Фрум почувствовал, что у него лицо каменеет. Он побоялся выдать себя голосом, и потому выждал с полминуты, прежде чем заговорить.
– И что из этого следует, Грейди?
– Как я уже сказал, я мог бы быть управляющим ничуть не хуже, чем Лаудон.
«Спокойнее!» – твердо сказал себе Фрум. Да, этот человек вовсе не так прост, как ты думал; и ты сейчас в его власти… Он провел по губам языком.
– Чтобы поймать бедлендера, нужен бедлендер, – сказал он и узнал в своих словах отзвук чужих мыслей. Лаудон говорил что-то в таком духе в тот вечер, когда они толковали с ним здесь о должности управляющего.
– Верно, – сказал Джоунз. – Но это же не будет – тянуться вечно.
– Нет, не будет, – согласился Фрум. – Можешь ты научиться ждать, Грейди?
Джоунз шевельнул свободным плечом.
– Да я всю жизнь жду – то одного, то другого.
Фрум поднялся. Подошел к Джоунзу, положил руку ему на плечо и постарался ответить улыбкой на улыбку, хотя уже четко знал, что ненавидит этого человека.

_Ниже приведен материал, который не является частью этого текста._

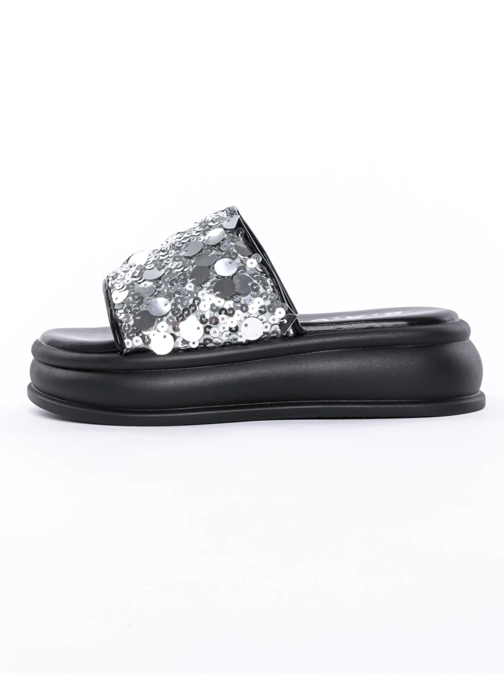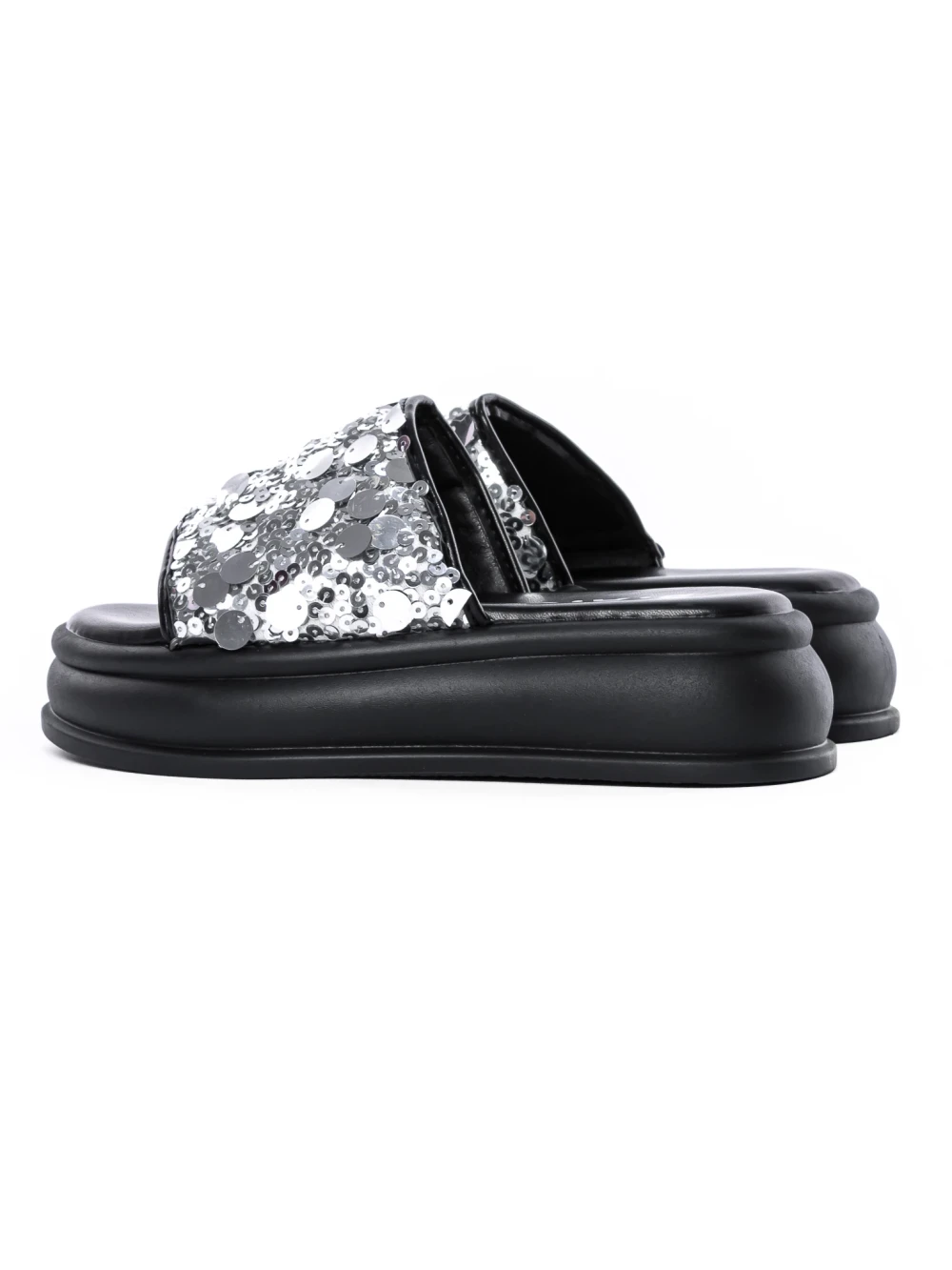 Kapcie damskie z niską podeszwą 999-1 Czarny-Srebrny | Fashion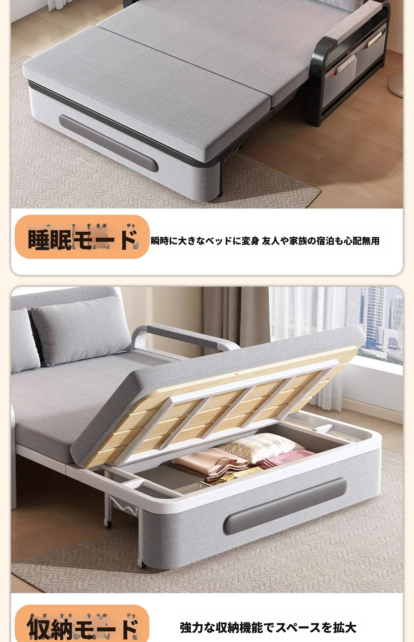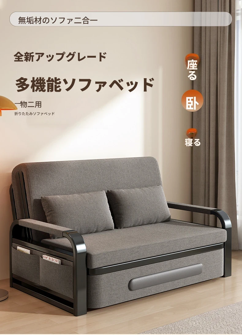 【香港送料無料】洞窝粤順の多機能折りたたみソファベッド!おしゃれな布製で、簡単に変形可能。リビングにぴったりのシンプルデザインで、快適な居心地を提供します。あなたの空間をスタイリッシュに演出!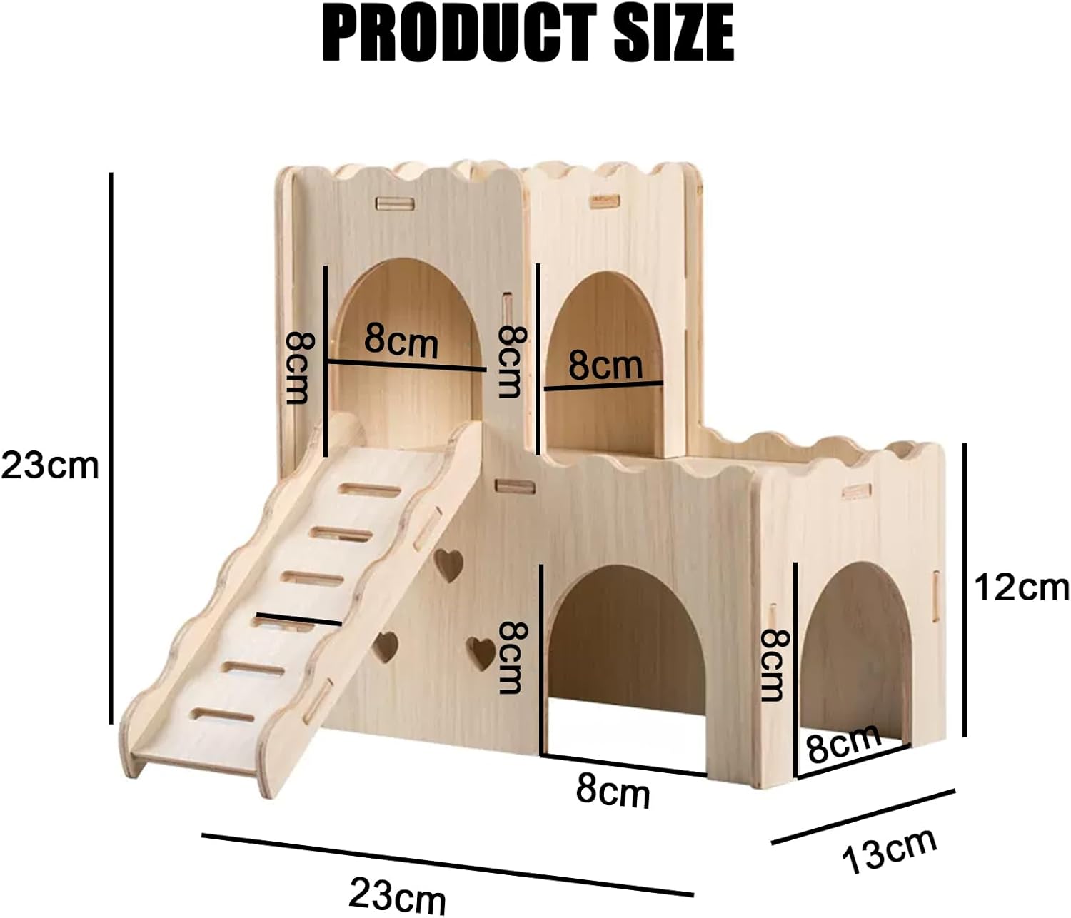 Size: 23X23X13 cm. Suitable for Syrian hamsters, Dwarf hamsters, Chinchillas, rats, and other small furry animals.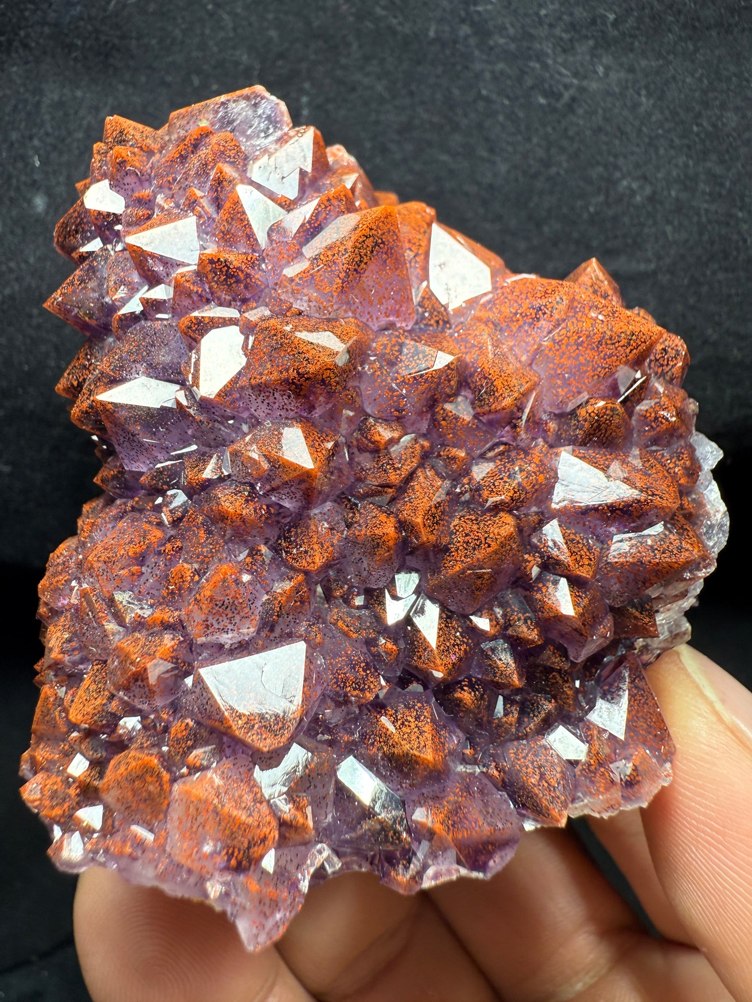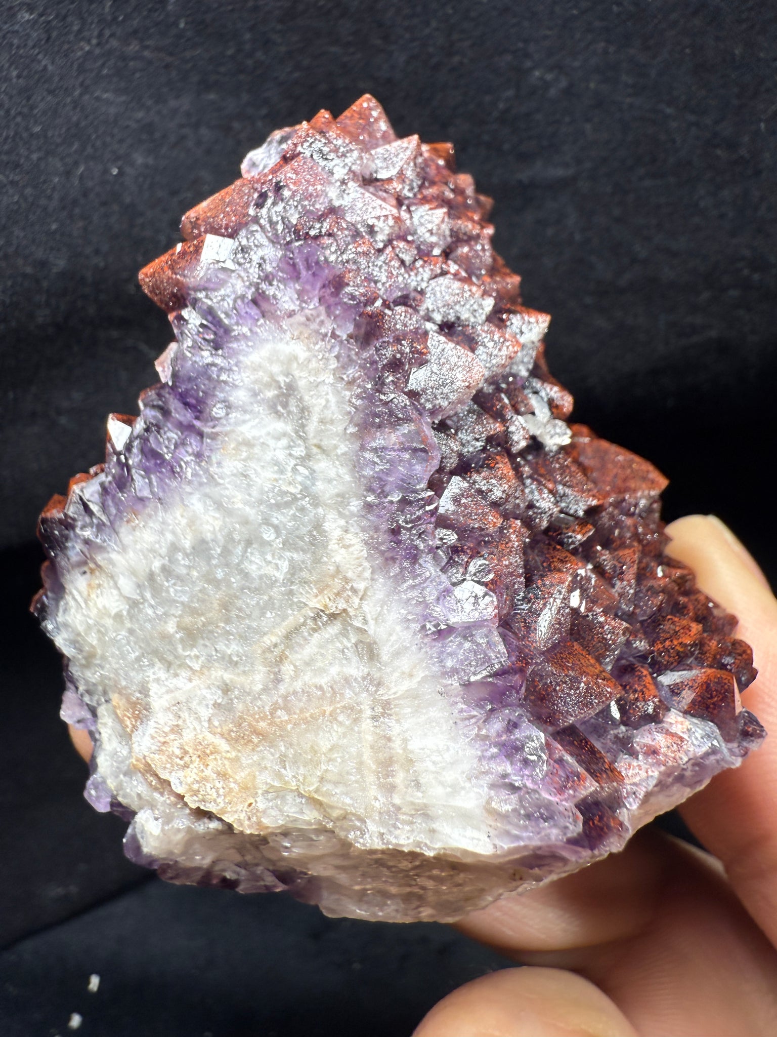 Striking Amethyst specimen displaying magnificent deep-red crystals beautifully developed on three distinct sides. The well-formed crystals and vibrant color make this a highly aesthetic and eye-catching piece. 7.0 x 6.0 x 5.0 cm.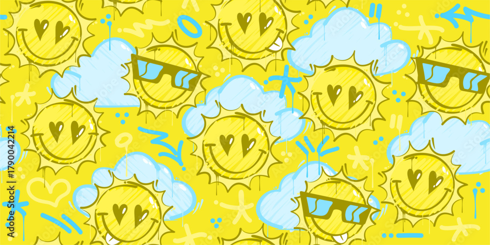 Trendy Yellow Abstract Graffiti Style Happy Smiling Suns On the Sky Seamless Background Template #1790042214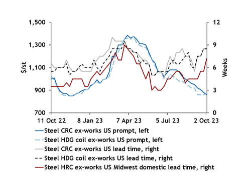 US steel mills are reportedly digesting large tonnage transactions made in the last week that pushed out hot rolled coil (HRC) lead times to 7.2 weeks this week from 5.5 weeks in the prior week. The HRC and HDG lead time spread is the narrowest since 1 August.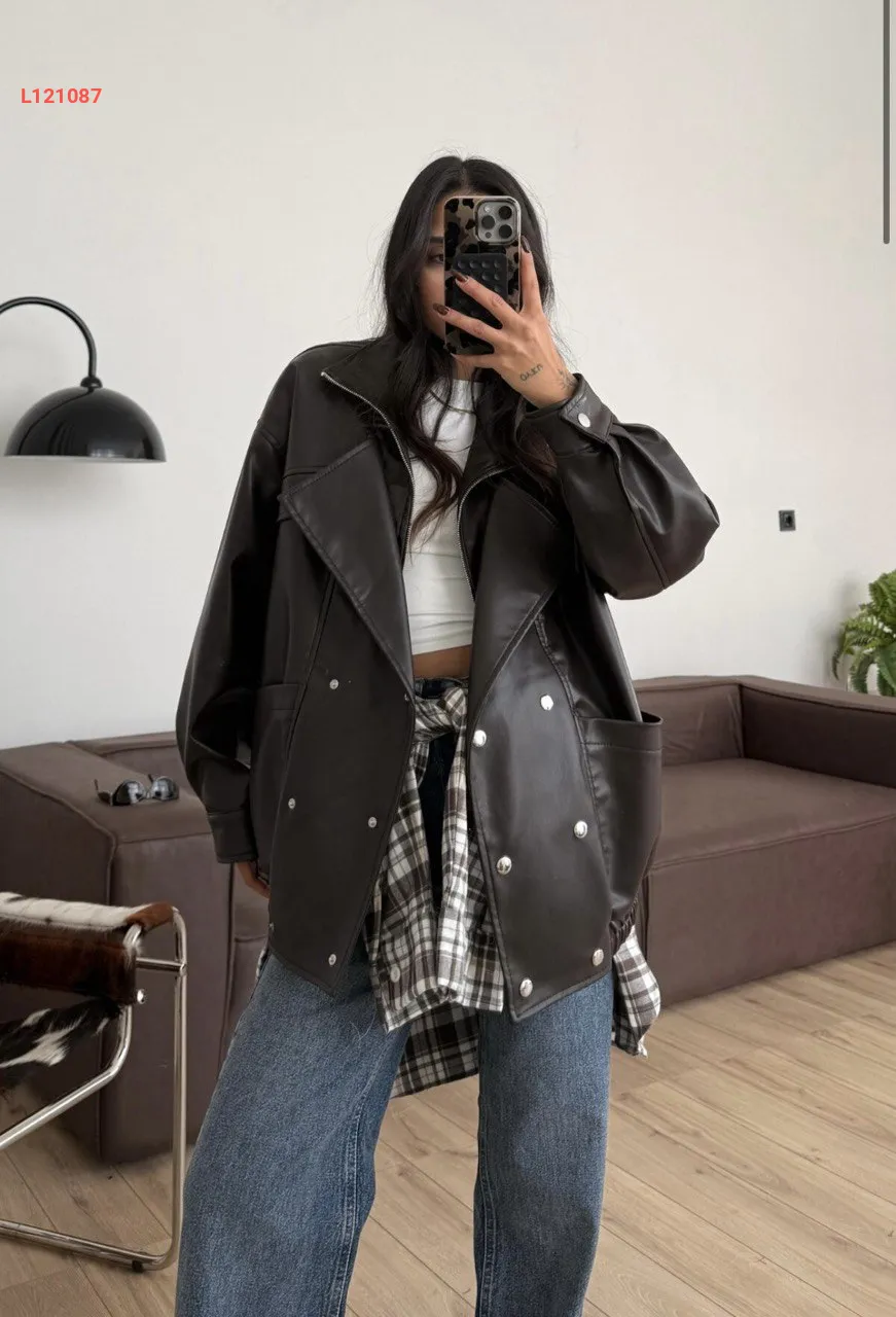 جاكيت جلد واسع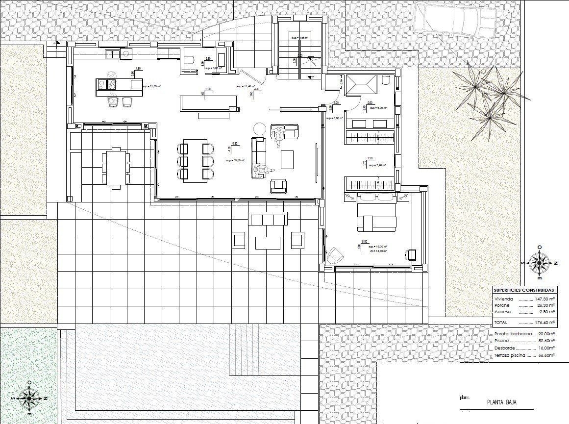 LUXURY NEW BUILD VILLA IN MORAIRA New Build Luxury villa with the best qualities, and within walking distance of the beautiful beaches and the center of Moraira. This luxury villa is distributed over 3 floors: on the ground floor (147.30m2) there is a large bright living room next to the open kitchen with a cooking island, a guest toilet and a bedroom with an en-suite bathroom. On the outside of this floor we find the swimming pool and the barbecue area. Then we go up to the upper floor (133.65m2) where we find 3 spacious rooms with their bathroom en suite. Finally the basement floor, where it leads to a double garage and laundry. EXTRAS: Technal carpentry with safety glass, full kitchen with Siemens appliances, full Roca brand bathrooms and taps, LED lighting, aerothermal system for hot water and underfloor heating, ducted air conditioning (hot and cold) throughout the house, solar panels, fitted wardrobes, electric shutters, interior alarm, pre-installation of exterior alarm and security cameras. Rectangular pool with overflow system of 12x4.5 meters, barbecue area of ​​22m2, laundry room, finished garden. Automatic access doors. Energy classification A. South orientation. Moraira is a small town with good restaurants, bars and plenty of supermarkets around. There is a very pleasant beach right next to town that is great for families. The seafront offers tremendous views of Penon Ifach across the bay in Calpe. The coast road getting there is well worth doing with some spectacular views. Moraira situated about 1 hour 15 minutes North up the A7 from Alicante airport its fairly easy to get to. It's about the same distance or a little less South from Valencia airport. 271

– Грейди, – сказал Фрум, – ты просто подожди еще немного.
Джоунз наклонил голову набок.
– Кажется, Синглтон уже здесь. Кто-то топчется по гравию там снаружи.
– Да, – сказал Фрум. – Придется мне выйти к нему.
Он прошел мимо Джоунза, а потом через весь дом. Мыслями он еще наполовину был с Джоунзом, но другой половиной сознания – уже с Синглтоном. С чего это он примчался сюда сломя голову? Ну да, припомнил он, «Стропило С» тоже принимало стадо в Майлсе. Случилось там что-нибудь, что ли? Какое-то происшествие, слух о котором донес до ушей Синглтона степной телеграф, пока Лаудон везет ту же новость более медленным путем? Может, нападение на гурт, люди ранены или убиты? Он представил себе Клема Латчера, застывшего, переброшенного через седло, тело, завернутое в грубую парусину, – и его пульс участился сам собой. Он распахнул дверь и вышел на веранду: Синглтон как раз остановил коня. Один взгляд на лицо старого техасца сказал Фруму, что Синглтон привез с собой беду – большую беду.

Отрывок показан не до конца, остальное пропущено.